-- WHAT THE TASK REQUIRES --
Below are records with pictures in them. Transcribe everything from the line containing "待 AI 產生每個 Table" down to the line containing "呂彥樺同學自幼熱愛手工制作,一次偶然看到", exactly, and leave the pictures behind.

-- GIVEN RECORDS --
=-=-=-=-=

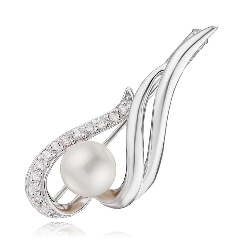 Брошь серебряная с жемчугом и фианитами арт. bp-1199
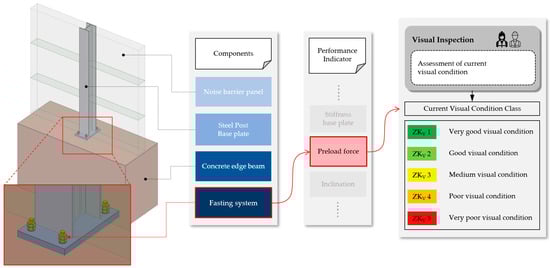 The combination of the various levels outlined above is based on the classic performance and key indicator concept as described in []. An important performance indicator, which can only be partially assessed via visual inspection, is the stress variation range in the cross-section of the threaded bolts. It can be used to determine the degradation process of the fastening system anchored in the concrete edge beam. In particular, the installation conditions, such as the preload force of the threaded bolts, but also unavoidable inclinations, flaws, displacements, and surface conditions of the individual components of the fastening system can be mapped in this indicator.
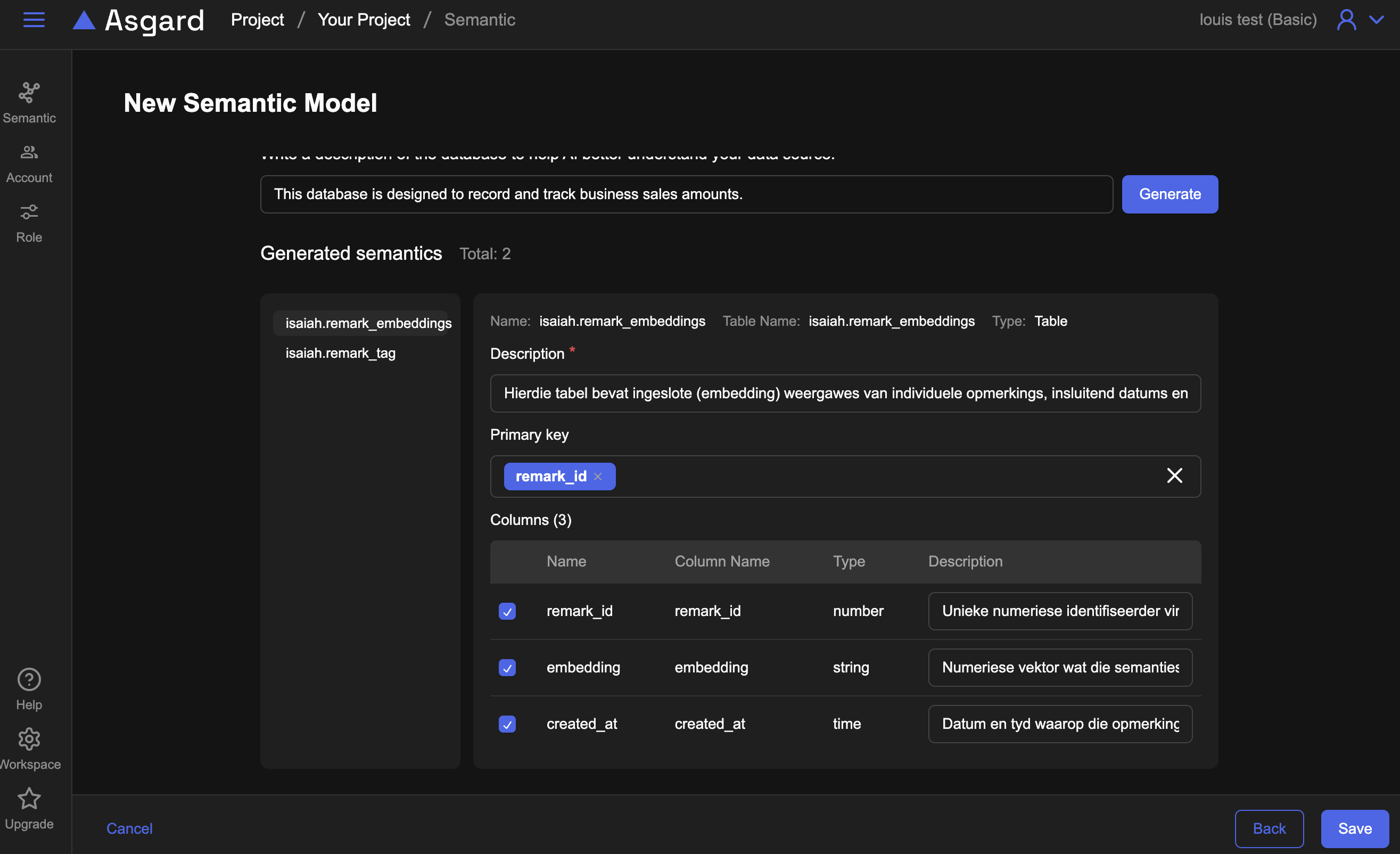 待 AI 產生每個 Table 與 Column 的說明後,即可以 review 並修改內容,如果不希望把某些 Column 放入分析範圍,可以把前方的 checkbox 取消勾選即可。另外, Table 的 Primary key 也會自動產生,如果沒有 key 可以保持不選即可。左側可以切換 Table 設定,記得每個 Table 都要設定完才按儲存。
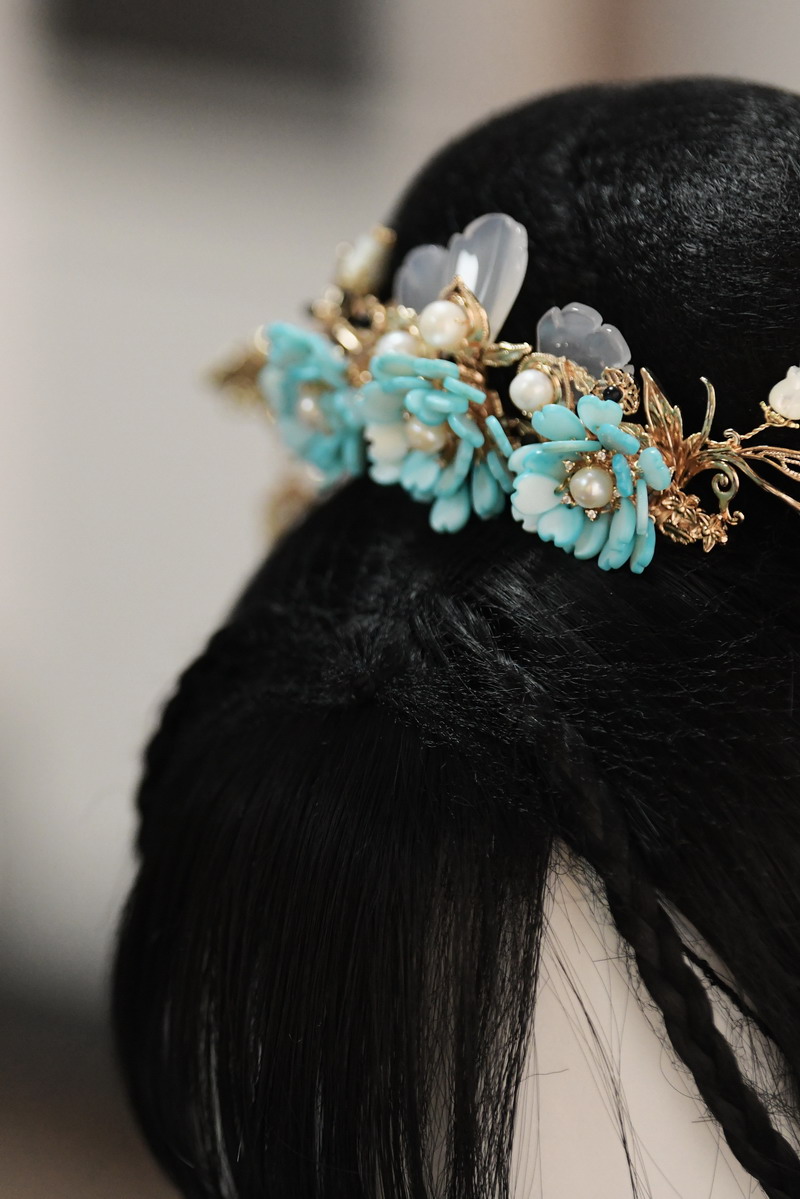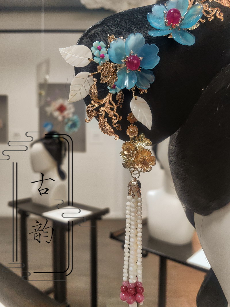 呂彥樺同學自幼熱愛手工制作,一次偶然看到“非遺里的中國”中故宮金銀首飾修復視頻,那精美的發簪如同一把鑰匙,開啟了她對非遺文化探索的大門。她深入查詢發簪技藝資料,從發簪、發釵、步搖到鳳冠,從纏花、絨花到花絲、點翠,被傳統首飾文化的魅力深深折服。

=-=-=-=-=

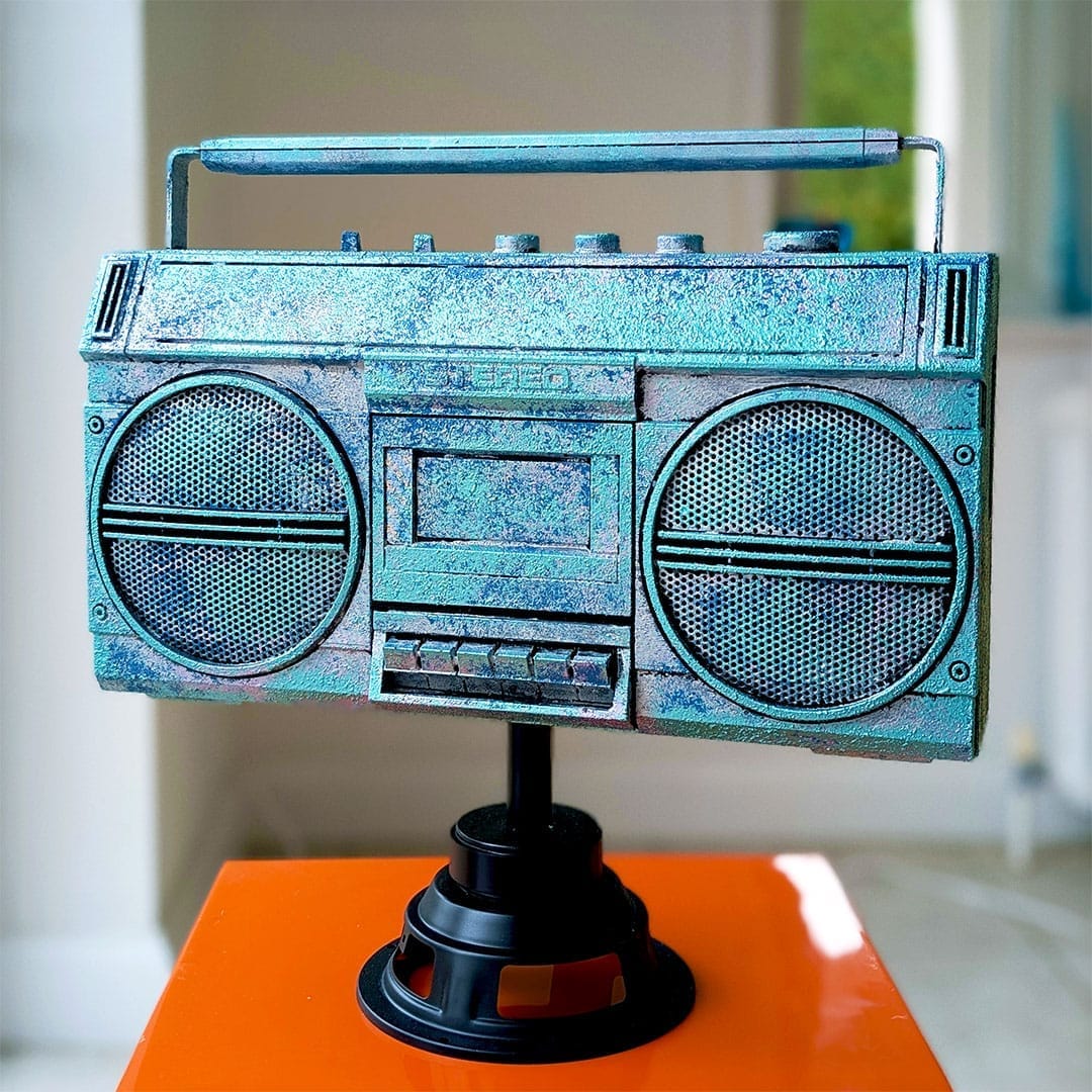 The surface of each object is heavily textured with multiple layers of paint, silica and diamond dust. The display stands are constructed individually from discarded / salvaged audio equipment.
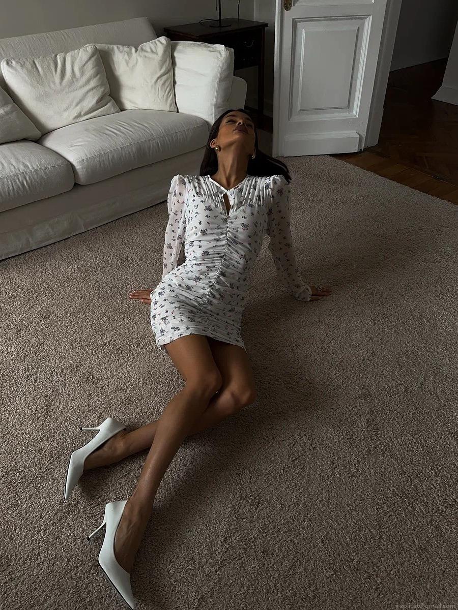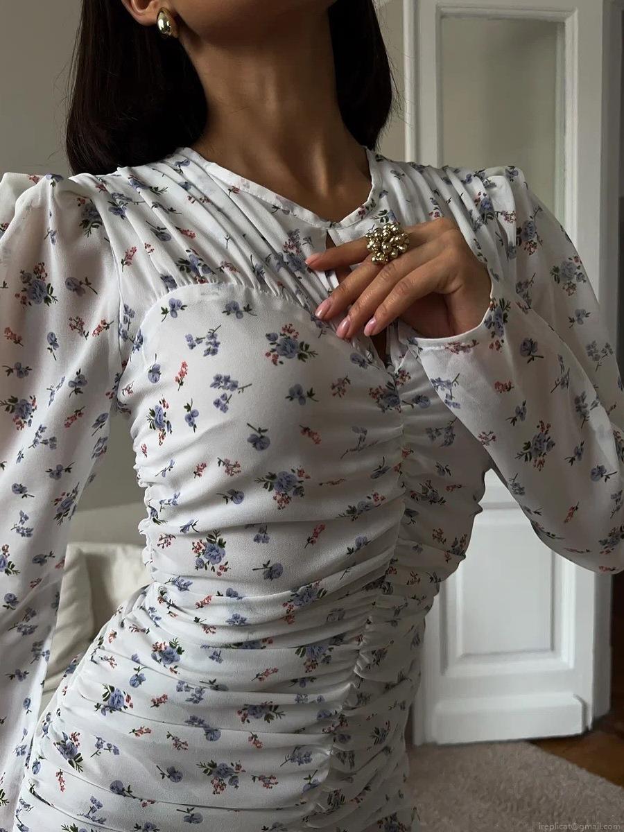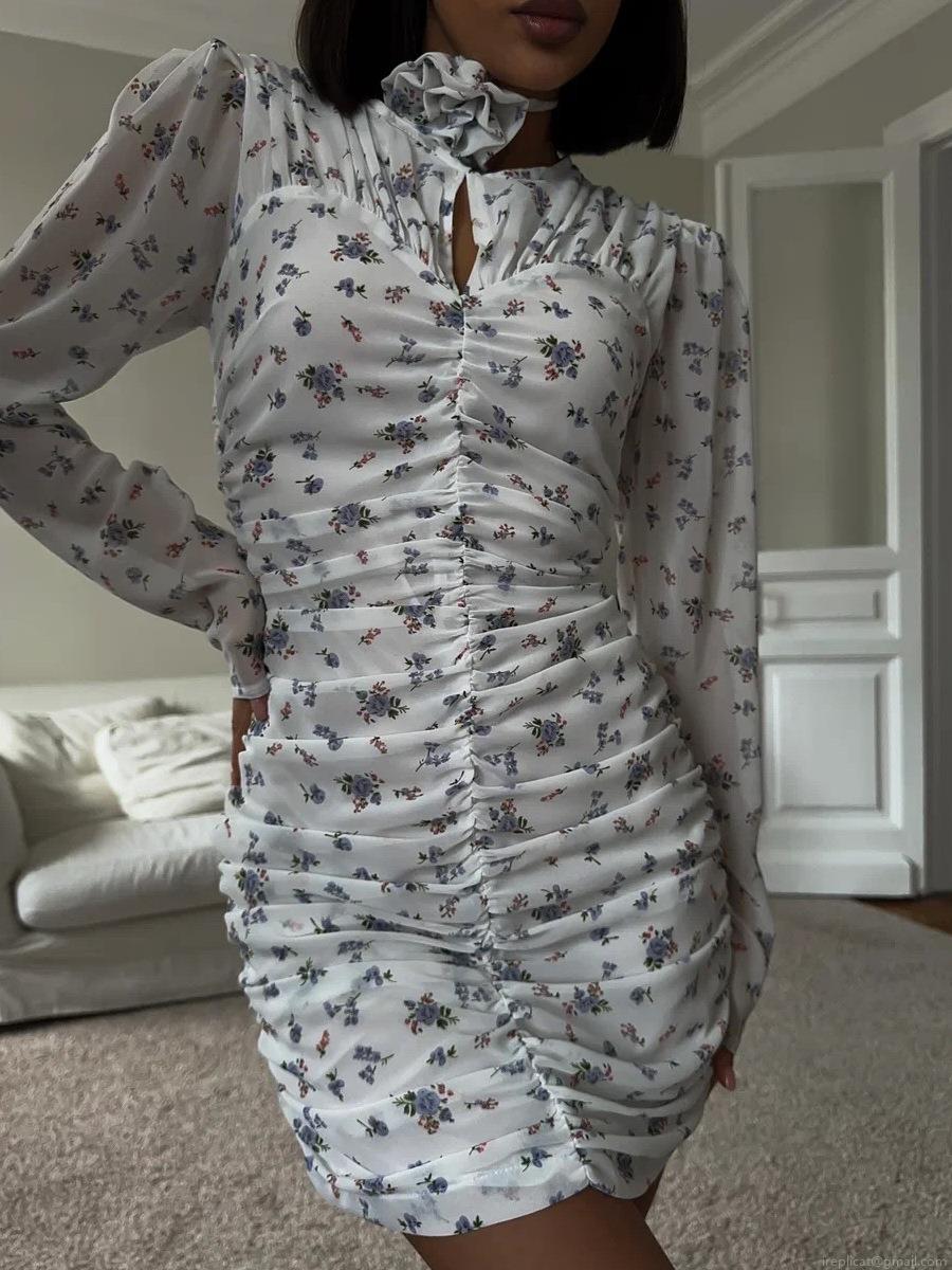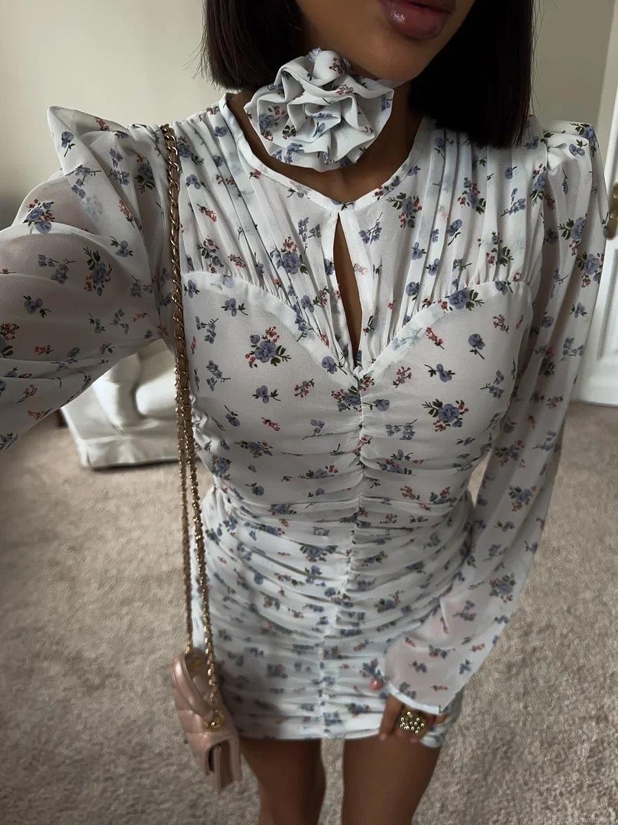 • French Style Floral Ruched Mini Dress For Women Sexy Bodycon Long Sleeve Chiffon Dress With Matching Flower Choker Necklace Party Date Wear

=-=-=-=-=

-- RESPONSE BOX --
 待 AI 產生每個 Table 與 Column 的說明後,即可以 review 並修改內容,如果不希望把某些 Column 放入分析範圍,可以把前方的 checkbox 取消勾選即可。另外, Table 的 Primary key 也會自動產生,如果沒有 key 可以保持不選即可。左側可以切換 Table 設定,記得每個 Table 都要設定完才按儲存。
 呂彥樺同學自幼熱愛手工制作,一次偶然看到“非遺里的中國”中故宮金銀首飾修復視頻,那精美的發簪如同一把鑰匙,開啟了她對非遺文化探索的大門。她深入查詢發簪技藝資料,從發簪、發釵、步搖到鳳冠,從纏花、絨花到花絲、點翠,被傳統首飾文化的魅力深深折服。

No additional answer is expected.